Sikap itu membuat PPK kelabakan. Sebab semua anggaran sudah terlanjur dicairkan. Pencairan anggaran itu dianggap sah ketika gedung yang dibangun sudah dinyatakan sesuai spesifikasi dan diterima.
Rasan-rasan semakin kental karena banyak yang melihat ada ketidakberesan dalam proses pengerjaan proyek yang memakan anggaran Rp 14,4 miliar itu. Tapi, tidak semua merasakan manisnya “madu” proyek tersebut. Intinya, hujan tidak merata.
Tarik ulur itu sampai membuat bos tertinggi di kantor tersebut meradang. Kemarahan tersebut diketahui banyak pegawai di bawahnya karena sering dilontarkan di sejumlah pertemuan resmi internal. Desas desus ketidakberesan meluas dan menjadi bahan pembicaraan secara tertutup di kalangan pegawai.
Padahal, saat itu bangunan terseut masih punya garansi. PPK menentukan masa perawatan selama empat bulan sejak Januari-April 2014. Sampai batas masa perawatan habis, bangunan itu ternyata belum juga diperbaiki.
Kejanggalan lain mulai mengemuka. Salah satunya, uang jaminan pengerjaan proyek yang diserahkan rekanan sekitar Rp 700 juta sudah dicairkan. Padahal, masa perawatan belm habis. Sesuai aturan, uang jaminan itu bisa dicairkan setelah proyek tersebut diperiksa dan dinyatakan diterima tim penerima barang. Ketidakberesan proyek itu akhirnya menjadi konsumsi publik di internal kanwil kementerian agama Jatim ketika tim pemeriksa dan penerima barang terbelah.
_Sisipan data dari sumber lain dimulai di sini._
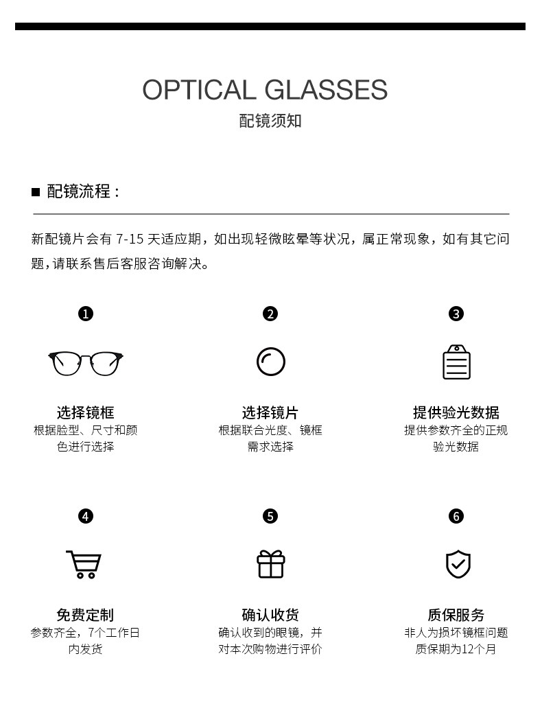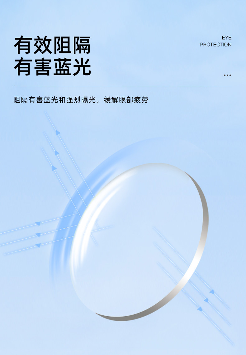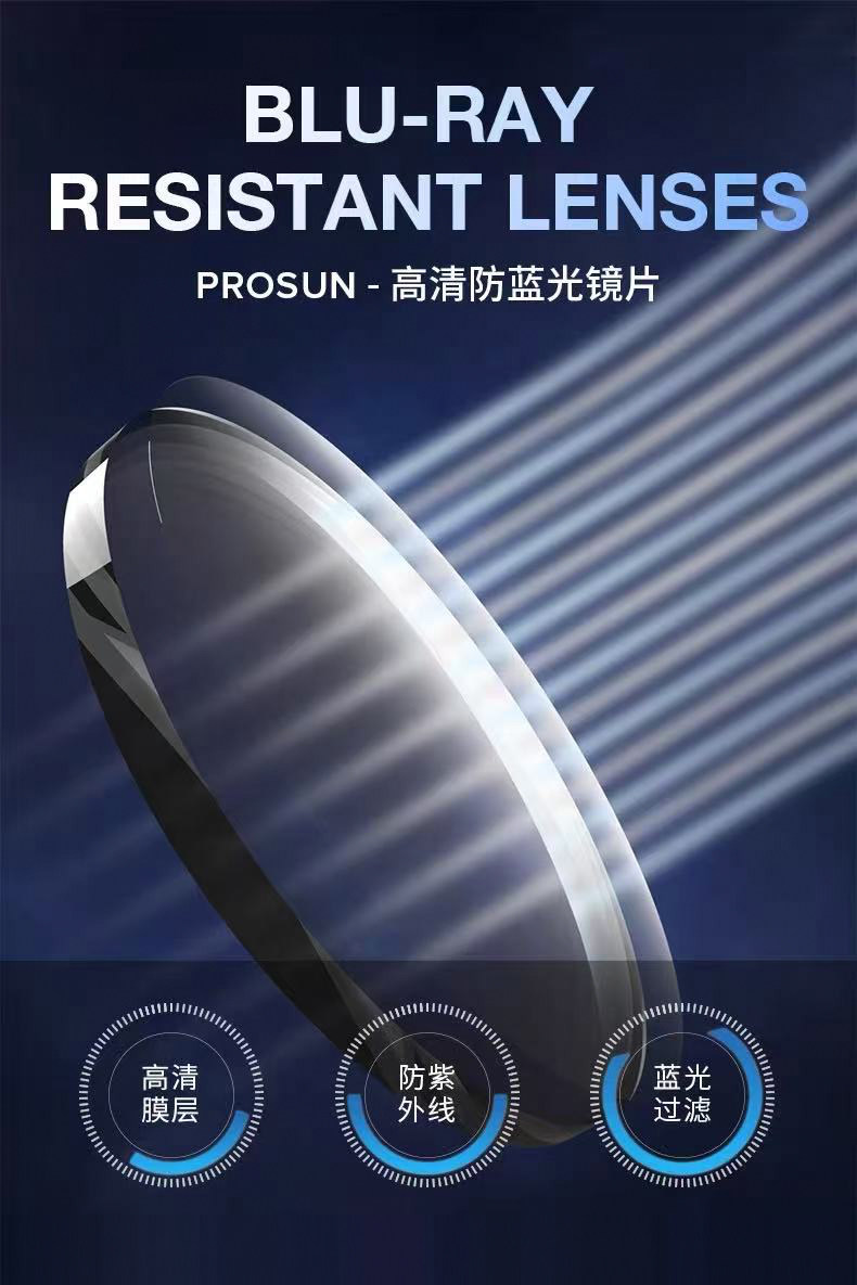 Lens refractive index Single frame,0 degree anti-blue light film,PROSUN anti-blue light film 1.60 (within combined luminosity of 600 degrees),PROSUN anti-blue light film 1.67 (within combined luminosity of 800 degrees),PROSUN anti-blue light lens 1.74 (more than medium height),Excellent visual 1.60 high definition (recommended within 600 degrees),Excellent visual 1.67 HD (recommended within 800 degrees),UVisual 1.74 HD (recommended for medium to high resolution),UVis 1.60 anti-blue light (recommended within 600 degrees),UVis 1.67 anti-blue light (recommended within 800 degrees),UV 1.74 anti-blue light (more than medium height),Frame + Excellent Visibility 1.60 (color-changing film, recommended within 600 degrees)
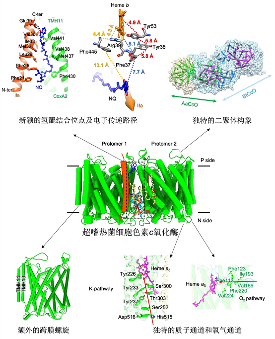 超嗜热菌细胞色素c氧化酶冷冻电镜三维结构。独特的二聚体构象允许其既能氧化细胞色素c又能氧化氢醌,额外的跨膜螺旋、质子通道和氧气通道等新颖结构特征揭示了细胞色素c氧化酶在极端环境下的进化适应性。
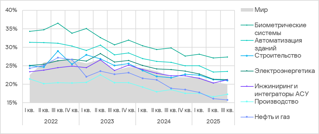 В третьем квартале 2025 года в мире доля компьютеров АСУ, на которых были заблокированы вредоносные объекты, продолжила уменьшаться и оказалась минимальной с 2022 года — 20,1%.
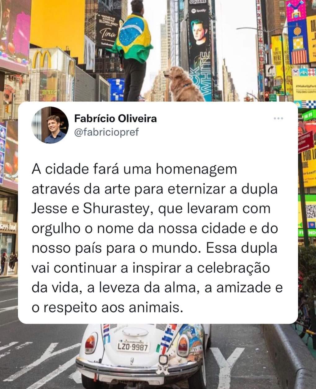 “A cidade fará uma homenagem através da arte para eternizar a dupla Jesse e Shurastey, que levaram com orgulho o nome de nossa cidade e do nosso país para o mundo. Essa dupla vai continuar inspirando a celebração da vida, a leveza da alma, a amizade e o respeito aos animais”, pontua o prefeito Fabrício Oliveira.
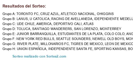 Lista de participantes: COLO COLO, UDE CHILE, U CATOLICA, SANTIAGO WANDERERS, OHIGGINS, UNION ESPAÑOLA, BOCA JUNIORS, RIVER PLATE, RACING DE AVELLANEDA, LANUS, SAN LORENZO, NEWELL OLD BOYS, ESTUDIANTES DE LA PLATA, ATLETICO NACIONAL, DEPORTIVO CALI, INDEPENDIENTE SANTA FE, IDEPENDIENTE MEDELLIN, JUNIOR BARRANQUILLA, MILLONARIOS FC, SEATTLE SOUNDERS, ANGELES GALAXY, NEW YORK RED BULLS, SPORTING KANSAS, TORONTO FC, MONTREAL FC, AMERICA, MONTERREY, TIGRES DE MEXICO, TOLUCA, CRUZ AZUL, LEON DE MEXICO, ATLAS.
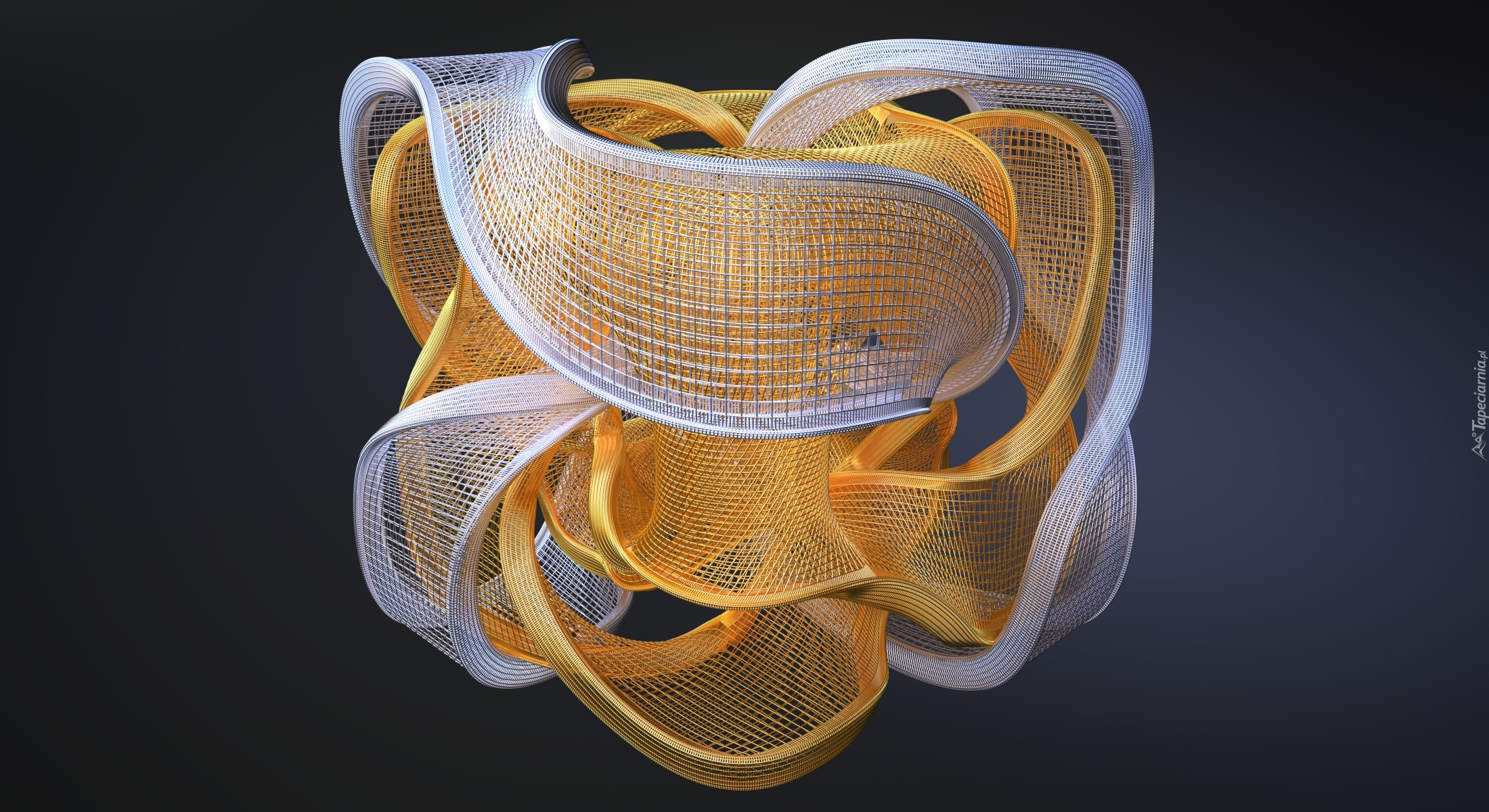 Edytor tapety: Wektorowa grafika 3D ze srebrno-złotym obiektem
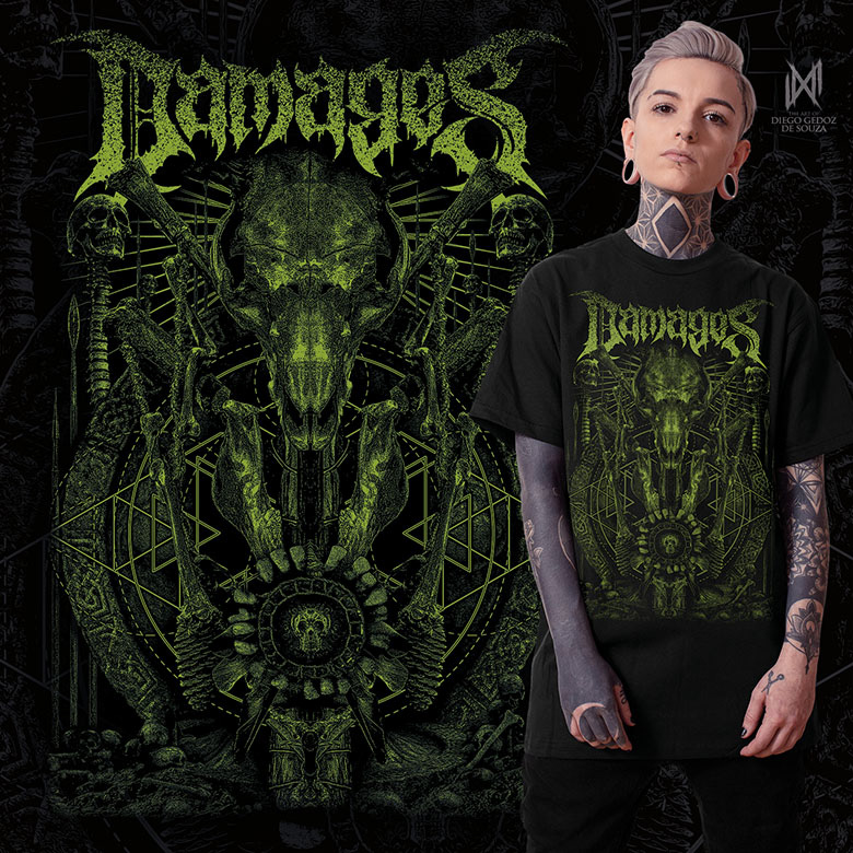 Shirt design for the American death metal band Damages.
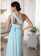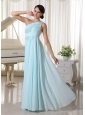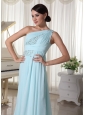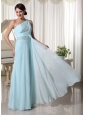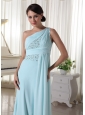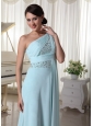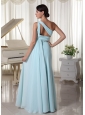 One Shoulder Chiffon Beaded Prom Dress For Custom Made Light Blue

Konon, ketua tim menolak menandatangani berita acara penerimaan barang karena rekanan yangmengerjakan proyek enggan memperbaikinya. Apalagi, kerusakan itu cukup parah untuk kategori bangunan baru.
Entah bagaimana prosesnya, empat anggota tim pemeriksa dan penerima barang mau menandatangani berita acaranya. Mereka menyatakan bahwa bangunan itu telah selesai digarap sesuai dengan spesifikasi yang ditentukan. Sementara itu, sang ketua tim tetap menolak membubuhkan tanda tangannya.
Dua bangunan yang rencananya dijadikan mess santri itu memakan anggaran yang tidka kecil. Untuk gedung A dengan tiga lantai, anggaran yang dihabiskan Rp 7,5 miliar. Sementara itu, gedung B dengan dua lantai menyedot duit Rp 6,9 miliar. Proyek itu dikerjakan dua rekanan yang berbeda.
Bangunan yang cukup mentereng tersebut tidak bisa dilihat dari depan kantor kanwil kemenag, pun demikian dari sisi belakang kantor. Dua gedung gres itu baru terlihat setelah berjalan sekitar 500 meter ke arah belakang dan melewati jembatan kecil yang berkelok. Jalan menuju lokasi tersebut masih berupa tanah.
Ketidakberesan tersebut akhirnya didengar kejaksaan tinggi Jatim. Korps Adhyaska di jalan Ahmad Yani itu akhirnya menerjunkan tim khusus untuk menyelidiki informasi tersebut.
Tim menyelidiki proyek itu sekitar sebulan lalu. Hasilnya, mereka mencium aroma permainan dalam pembangunan gedung. Jaksa yang tidak ingin salah langkah langsung menggandeng Universitas Brawijaya.